(Collection entries)
※

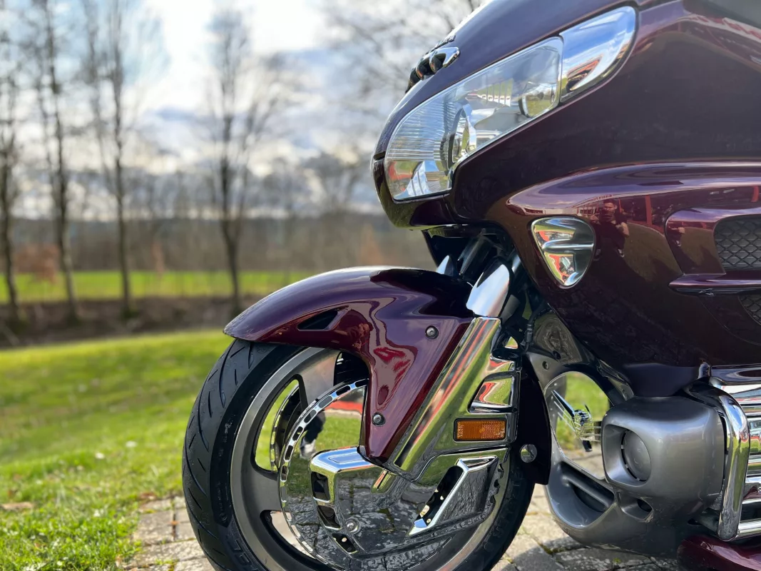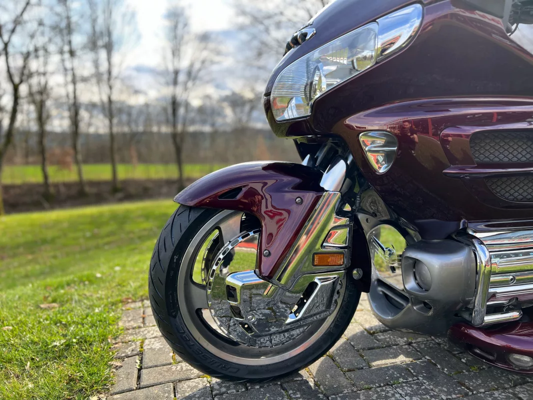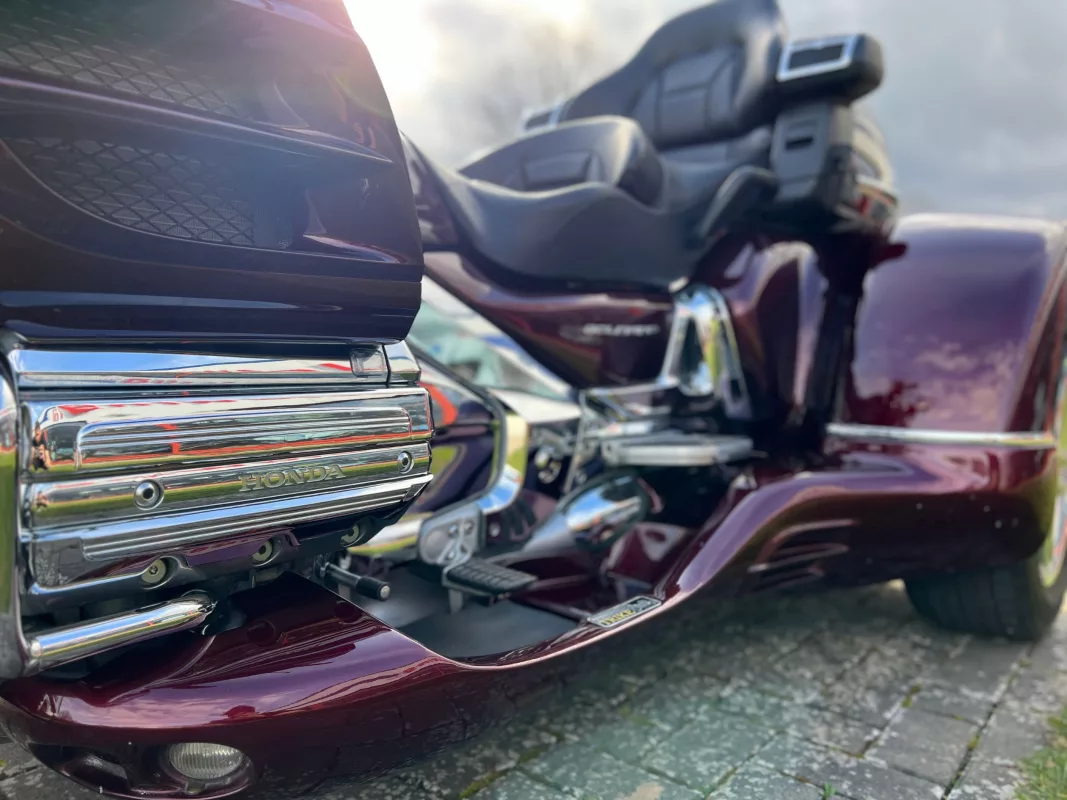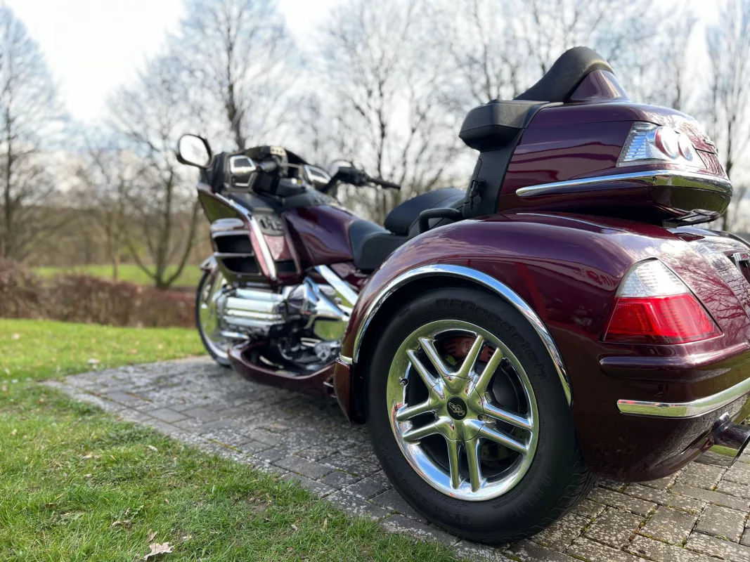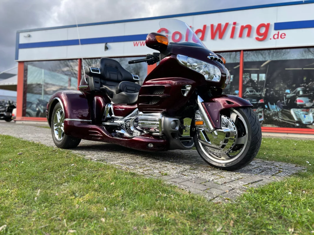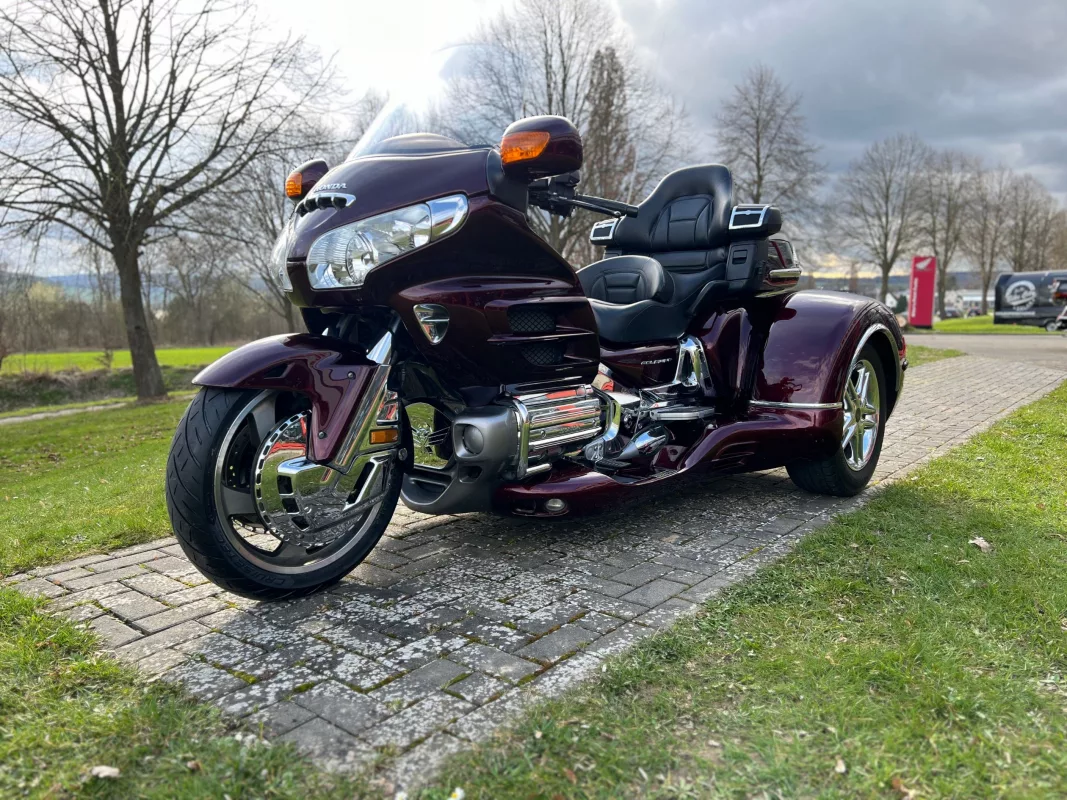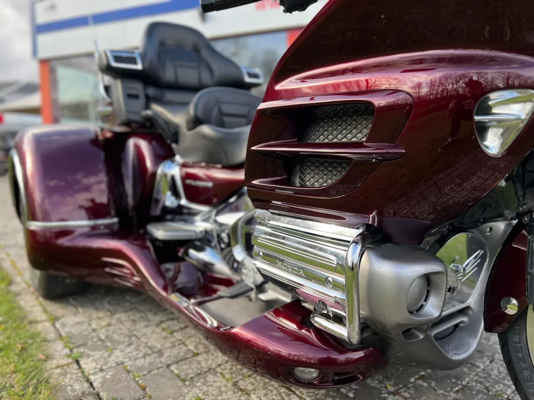 GL 1800 Cobra Trike in Dark Red. Dezent veredelt mit Bremsscheibenabdeckungen, Pig Nose Covers, komplettes Motor und Rahmen Chrom Paket, Beifahrertrittschutz, Shark Grill Fairing, TC Chromstreifen, Lautsprecher Chromrahmen and some more...
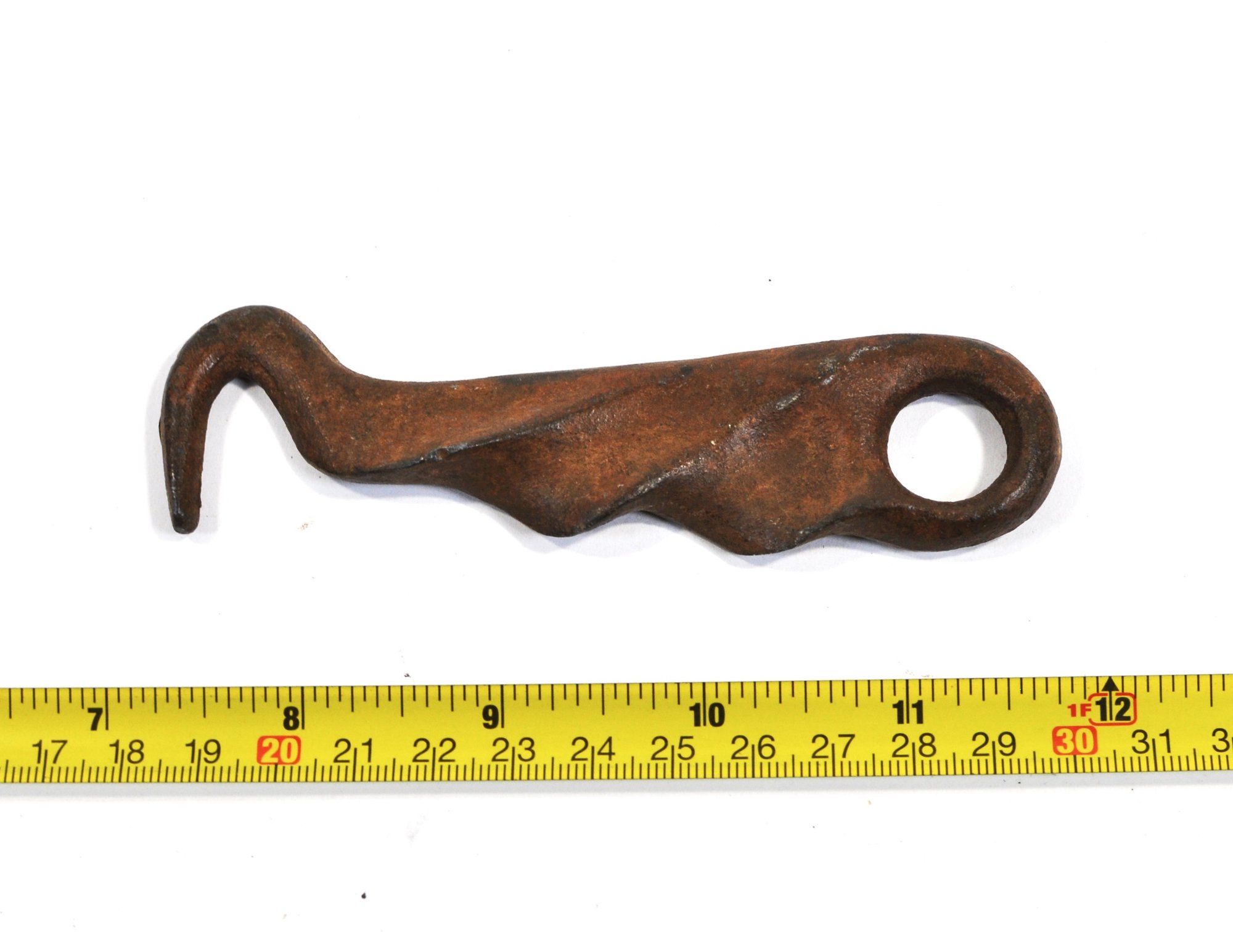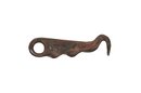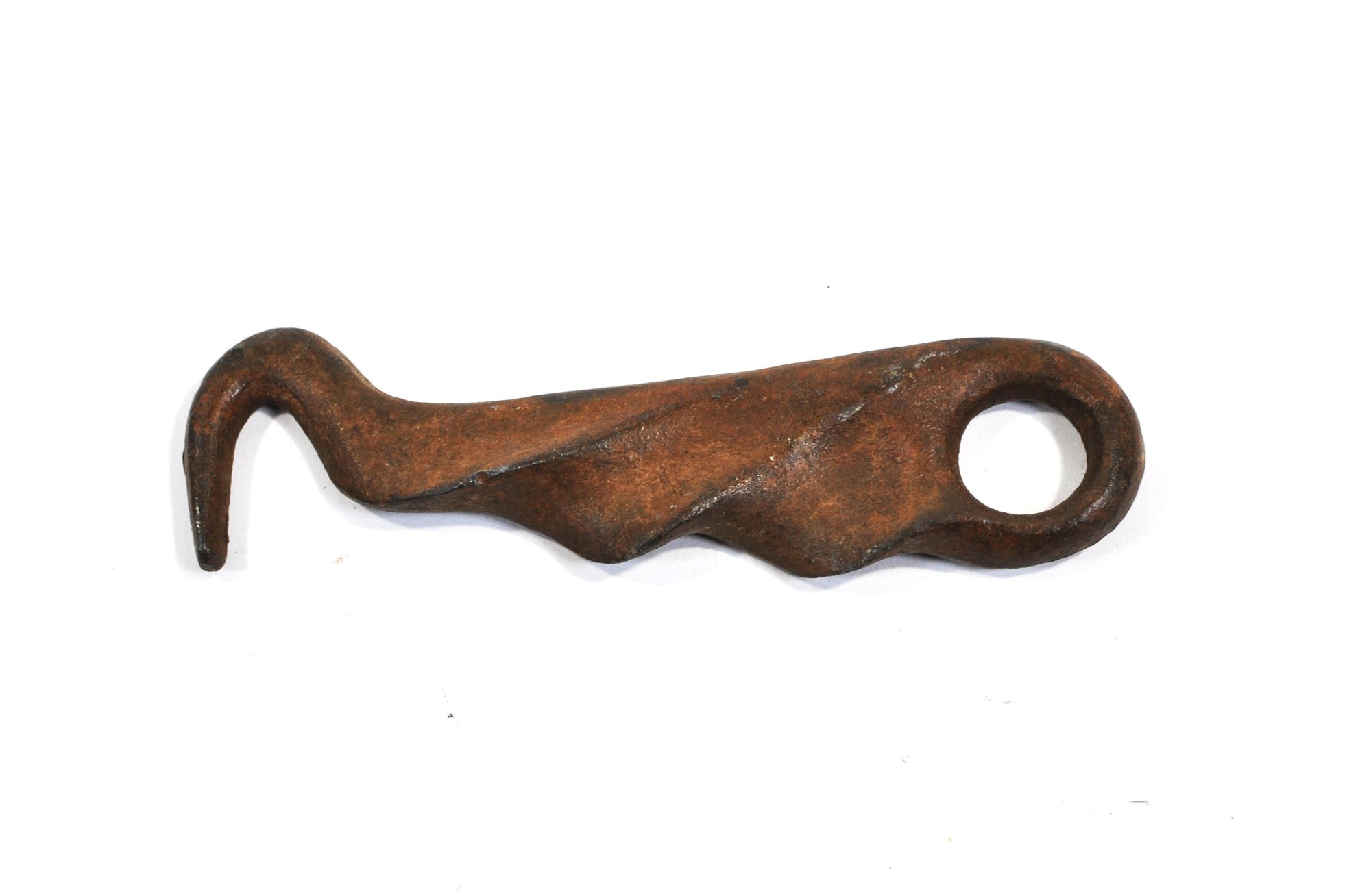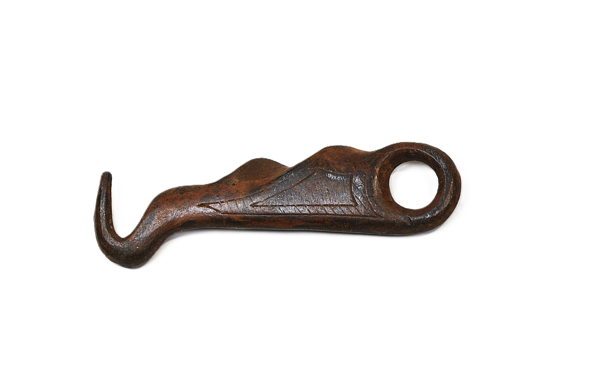 Antique hand-forged metal hook, featuring an integrated finger-grip handle and a curved working hook at one end. Crafted from heavy non-magnetic metal, with etched decoration on one side and a sculpted grip handle on the reverse, showing a naturally developed dark brown patina.
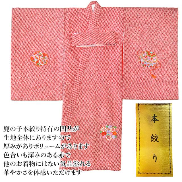 日本製 着物 長襦袢付 総絞り
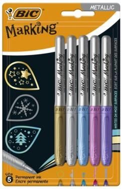 BIC Marking Metallic Ink Markery 5 kolorów Blister 5szt - Marker z tuszem permanentnym na bazie alkoholu; dostępny w 7 metalicznych kolorach, - Szybkoschnący marker, - Gumowy uchwyt zapewnia komfort trzymania, - Klip i gumowy uchwyt w kolorze tuszu, - Do stosowania na większości powierzchni: papier, zdjęcia, metal, plastik, szkło (Działa najlepiej na porowatych powierzchniach, takich jak papier, karton.) - Idealny do kreatywnych zastosowań, - Bezwonny, - Średniej szerokości końcówka 1,8mm zapewniająca szerokość linii pisania 0,8mm.
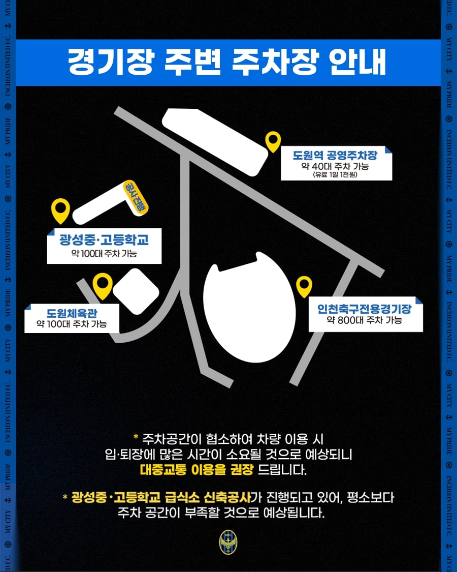 ※ 홈 경기 당일 관람객이 몰리고 주차 구역이 협소하여 현장 주차가 힘들 것으로 예상됨에 따라 대중교통을 이용해주시기 바랍니다.

※

— PROBLEM —
Leaving out every picture, transcribe exactly the lines from the line that contains "BIC Marking Metallic" through the final line of the entries above.

— OUTPUT OF THE EXERCISE —
 BIC Marking Metallic Ink Markery 5 kolorów Blister 5szt - Marker z tuszem permanentnym na bazie alkoholu; dostępny w 7 metalicznych kolorach, - Szybkoschnący marker, - Gumowy uchwyt zapewnia komfort trzymania, - Klip i gumowy uchwyt w kolorze tuszu, - Do stosowania na większości powierzchni: papier, zdjęcia, metal, plastik, szkło (Działa najlepiej na porowatych powierzchniach, takich jak papier, karton.) - Idealny do kreatywnych zastosowań, - Bezwonny, - Średniej szerokości końcówka 1,8mm zapewniająca szerokość linii pisania 0,8mm.
 ※ 홈 경기 당일 관람객이 몰리고 주차 구역이 협소하여 현장 주차가 힘들 것으로 예상됨에 따라 대중교통을 이용해주시기 바랍니다.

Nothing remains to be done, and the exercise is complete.